PhantomCodeAIPhantomCodeAI
FeaturesMock InterviewDashboardJobsPricing
FeaturesMock InterviewDashboardJobsPricing
HomeInterview QuestionsData Engineer
Updated for 2026 hiring loops

Data Engineer Interview Questions — What Senior Candidates Actually Get Asked

Data engineering interviews in 2026 look very different from the generic backend-engineer loop they were copied from a decade ago. The role has stabilised around three skill axes that every loop probes — deep SQL fluency (window functions, sweep-line patterns, query optimisation against real query plans), distributed data systems literacy (Spark, Kafka, Flink, and a lakehouse table format like Iceberg or Delta), and pipeline design taste (modeling, lineage, data contracts, quality assertions). The bar has moved up on all three. A SQL screen in 2018 was "find duplicates with GROUP BY HAVING"; today the median screen is a multi-step CTE with window functions and a follow-up about handling NULLs and ties. A system design round in 2018 was "draw a Kafka topic and a Spark job"; today you are expected to argue lakehouse vs warehouse, kappa vs lambda, and name the operational trade-offs of Iceberg vs Delta. The behavioural round increasingly probes data quality ownership and stakeholder management — because senior data engineers spend as much time saying "the right version of this request is different" as they do writing pipelines. What follows is the pattern of questions you should expect, with the structured answers interviewers grade against.

How data engineering loops are structured

  • SQL round. Almost always live SQL on a shared editor against a small fake schema. Expect window functions (LAG, LEAD, ROW_NUMBER, DENSE_RANK, PERCENTILE_CONT), CTEs, and at least one optimisation discussion. Talking out loud about the query plan matters more than getting the SQL syntactically perfect on the first pass.
  • Data system design. Usually one round, sometimes two for senior candidates. Pipelines, lakehouses, feature stores, real-time analytics, CDC ingestion are the common prompts. You drive — the interviewer will not feed you the architecture. Start with data volume, freshness SLA, query patterns, and consistency requirements before drawing anything.
  • Coding round (Python or Scala). Often a PySpark or pandas problem — read this file, dedupe by latest event_time per key, join with this dimension, write partitioned output. Tests basic data-manipulation fluency. Less algorithmically demanding than a SWE coding round, but you must know your dataframe API cold.
  • Behavioural / ownership round. Heavy emphasis on data quality incidents, model redesigns, and stakeholder pushback. The signal is whether you treat data quality and modeling as first-class engineering concerns rather than afterthoughts.

SQL Q&A

Window functions, sweep-line patterns, and optimisation. The interviewer is grading whether you reach for the right tool — and whether you ask about ties, NULLs, and dialect before writing the query.

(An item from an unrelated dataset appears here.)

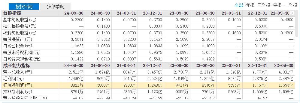 达利凯普自2022年登上近年营收与净利润的高峰后,其业绩出现下滑。2023年,达利凯普营收与归母净利润分别同比下滑27.52%和29.37%。2024年前三季度,公司营收及归母净利润同比下降8.02%和11.05%。

Q1. Write a SQL query to find the second-highest salary in an Employee table. Then generalize to the Nth-highest.

This is one of the most common SQL screening questions because it tests window function fluency and edge-case thinking at the same time. There are three canonical approaches. The window function approach: SELECT salary FROM (SELECT salary, DENSE_RANK() OVER (ORDER BY salary DESC) AS rk FROM Employee) t WHERE rk = 2. The LIMIT/OFFSET approach: SELECT DISTINCT salary FROM Employee ORDER BY salary DESC LIMIT 1 OFFSET 1 — short but dialect-dependent and you must remember the DISTINCT or duplicates eat your offset. The correlated subquery approach (older but still asked in screens): SELECT MAX(salary) FROM Employee WHERE salary < (SELECT MAX(salary) FROM Employee). The real signal is how you handle ties — DENSE_RANK() treats two people earning the same top salary as both rank 1, so the second-highest distinct salary is rank 2; RANK() leaves gaps (1, 1, 3); ROW_NUMBER() arbitrarily picks one of the tied rows. Generalising to the Nth highest, swap the literal for a parameter and use DENSE_RANK() if you want distinct salary tiers, ROW_NUMBER() if you want the Nth specific employee. The L5 follow-up always lands on ties: ask the interviewer which version of Nth highest they want before you write a line.

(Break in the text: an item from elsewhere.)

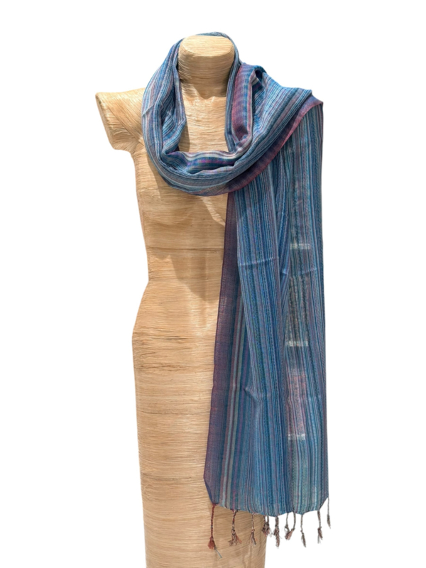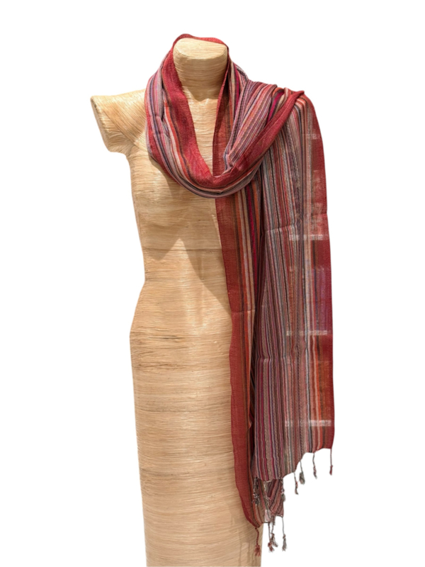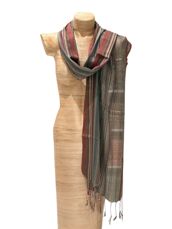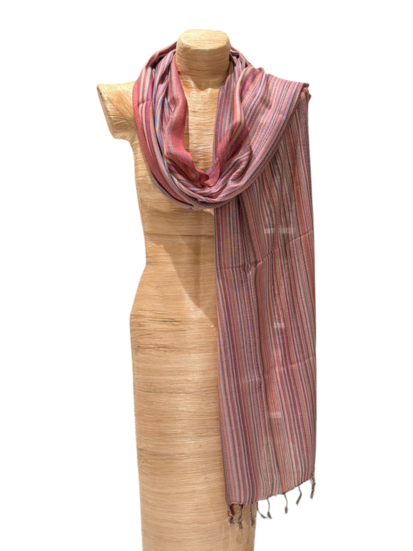 Katoenen sjaal uit Nepal. De sjaal heeft een zachte glans en voelt zijdezacht aan. Ontwerp met een fraai streepdessin. Afmeting: 180 x 50 cm - zonder franje. Een prachtige sjaal waar je veel plezier van zult hebben. Wasadvies:…

Q2. Given a Sessions table with (user_id, session_start, session_end), write a query that returns the maximum number of concurrent sessions at any moment.

Sweep-line. Generate a +1 event at every session_start and a -1 event at every session_end, sort by timestamp, then take the running sum and pick its maximum. In SQL: WITH events AS (SELECT session_start AS ts, 1 AS delta FROM Sessions UNION ALL SELECT session_end AS ts, -1 AS delta FROM Sessions) SELECT MAX(running) FROM (SELECT ts, SUM(delta) OVER (ORDER BY ts, delta DESC ROWS UNBOUNDED PRECEDING) AS running FROM events) t. The ORDER BY ts, delta DESC matters — when a session ends at the same instant another begins, you want to count the overlap, so process the +1 before the -1 (or the opposite, depending on whether the interval is half-open). State the convention out loud. The common follow-up is concurrent sessions per minute: round the timestamp to the minute, group by minute, take the max within each group, or generate a calendar of minutes and self-join. The other follow-up is doing this at scale — on a 100B-row sessions table you cannot sort globally, so you partition by hour and process the boundary intervals separately.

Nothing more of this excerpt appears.